Prespecified superiority testing of the 1-year primary effectiveness endpoint (all-cause mortality, disabling stroke and moderate or greater PVL) showed a between-group difference of -10.2% in favour of the MEV (95% CI -16.3% to -4.0%).
Exploratory additional analyses showed a lower rate in disabling strokes after MEV (difference -3.5, 95% CI -6.8 to -0.2), new pacemaker implantation rates (difference 18.4%, 95% CI 11.5% to 25.3%) and valve thrombosis (difference 1.5%, 95% CI 0.5% to 2.5%).
Critical reading and the relevance for clinical practice
The results of this study suggest that the use of the MEV (Lotus System, Boston Scientific) may be a useful addition for treating high-risk patients with severe aortic stenosis as compared with a self-expandable valve system.

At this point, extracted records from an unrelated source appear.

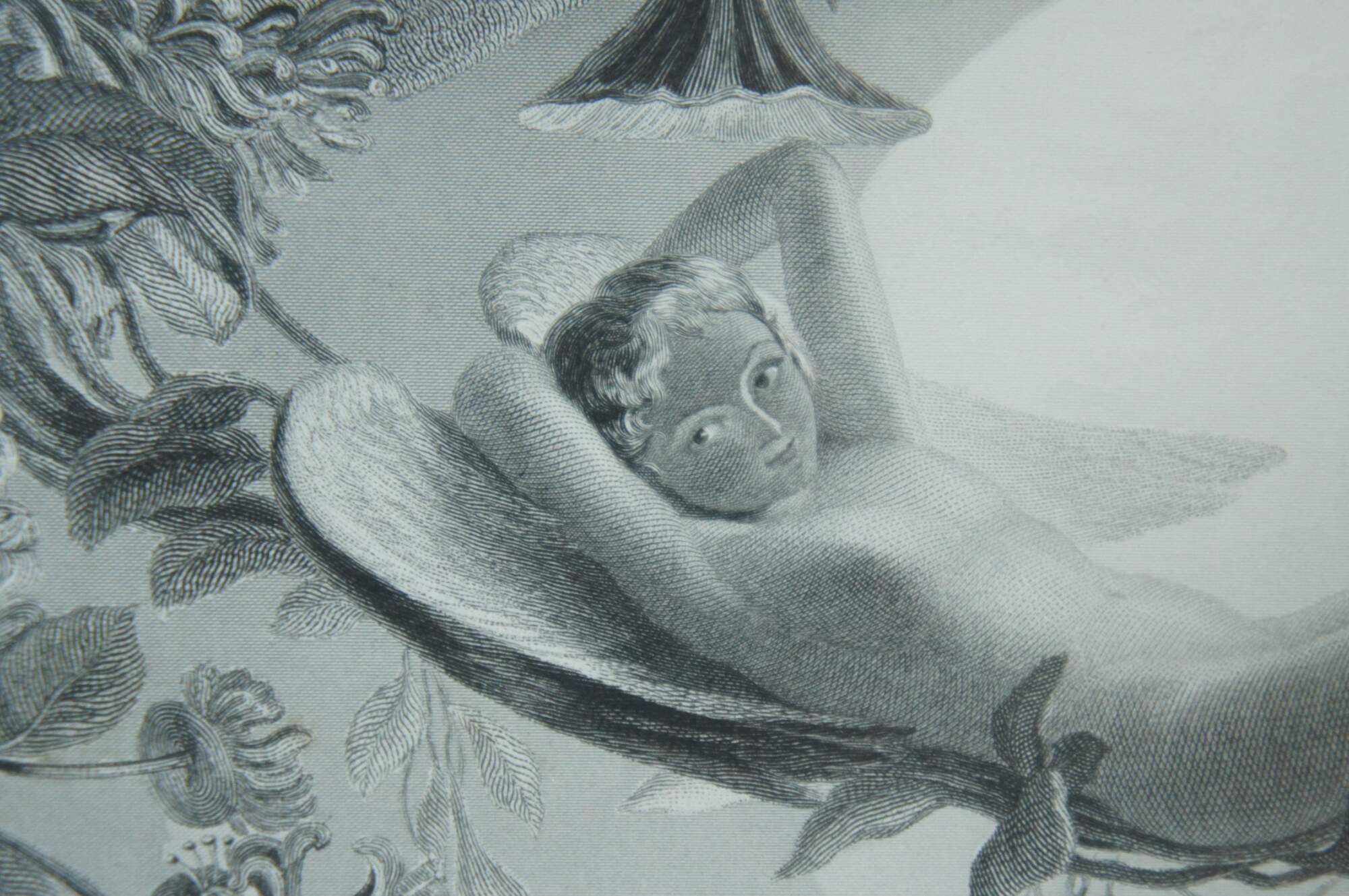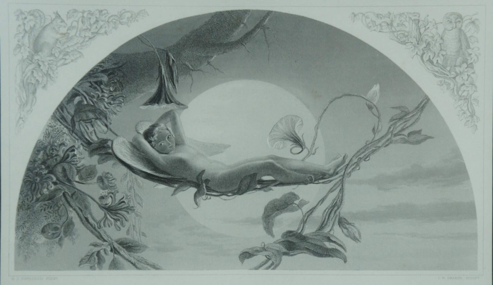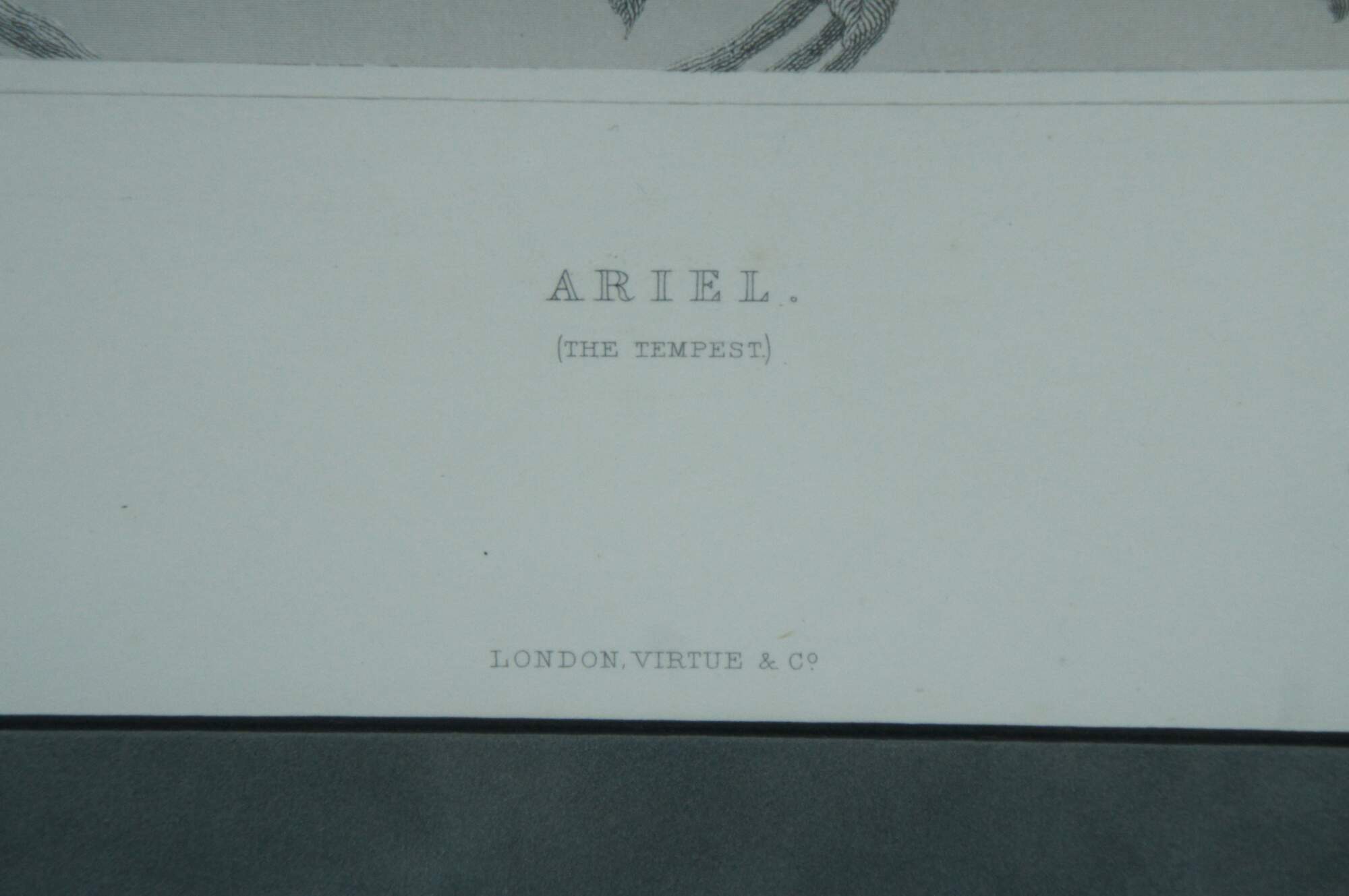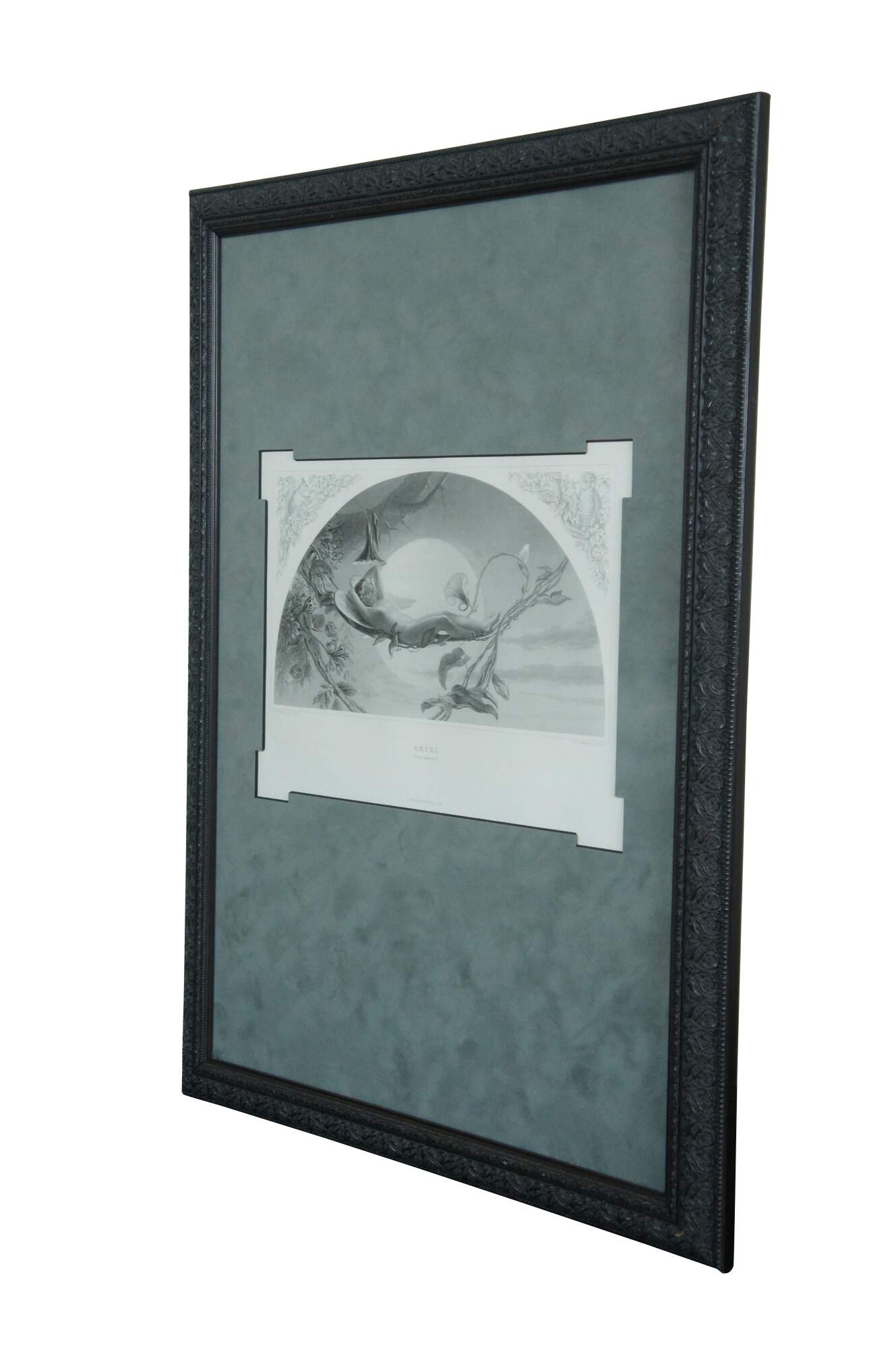Antique 1873 engraving of "Ariel (from Shakespeare) The Tempest" by Henry James Townsend, engraved by C.W. Sharpe, published by Virtue & Co, London. Beaded and foliate carved frame; blue-green mat.
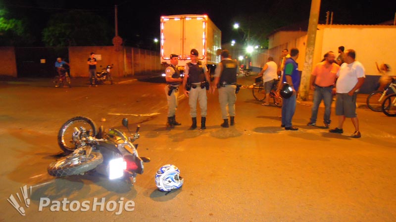 Um grave acidente na noite dessa terça-feira (30) deixou um motociclista gravemente ferido e interrompeu o trânsito por cerca de uma hora em uma das principais ruas de Patos de Minas. A batida foi provocada pelo condutor de um caminhão da cidade de Florianópolis que avançou a parada obrigatória.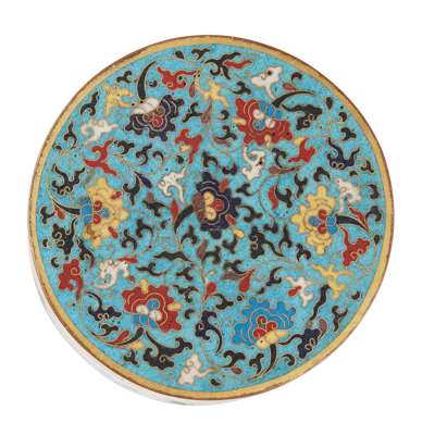 嘉靖款 銅胎掐絲琺瑯纏枝蓮紋蓋盒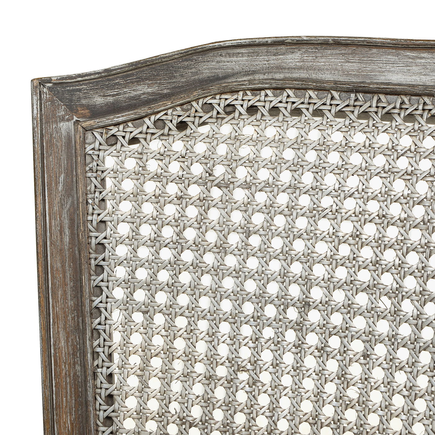 • Solid oak wood frame with a weathered gray-brown finish highlighting natural wood patterns and knots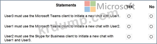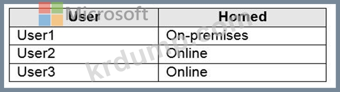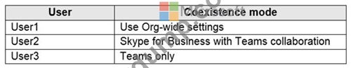 다음 표에 표시된 것처럼 공존 모드는 User1, User2, User3이라는 세 명의 사용자에 대해 구성됩니다.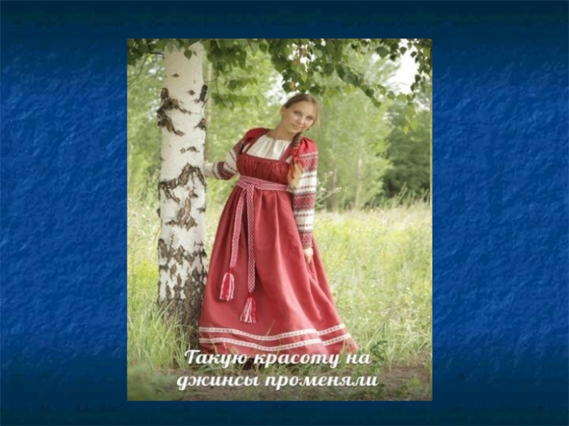 культуры, но он еще источник вдохновения для современного моделирования одежды и для создания сценических образов в разных жанрах и видах искусства и является ярким воплощением народного творчества.

There are however several limitations of this study.
First of all the non-inferiority margins were based on available data at the time of protocol writing. The lower than expected event rates mean that the confidence intervals of the primary endpoints should carefully be taken into account.
Second, the MEV was compared to an earlier generation SEV, which in the meantime has been replaced by a newer generation SEV. Also, there was no comparison to balloon-expandable transcatheter valves, which are an important option in the armamentarium of the interventionalist. Importantly, the long-term durability of the devices was not assessed.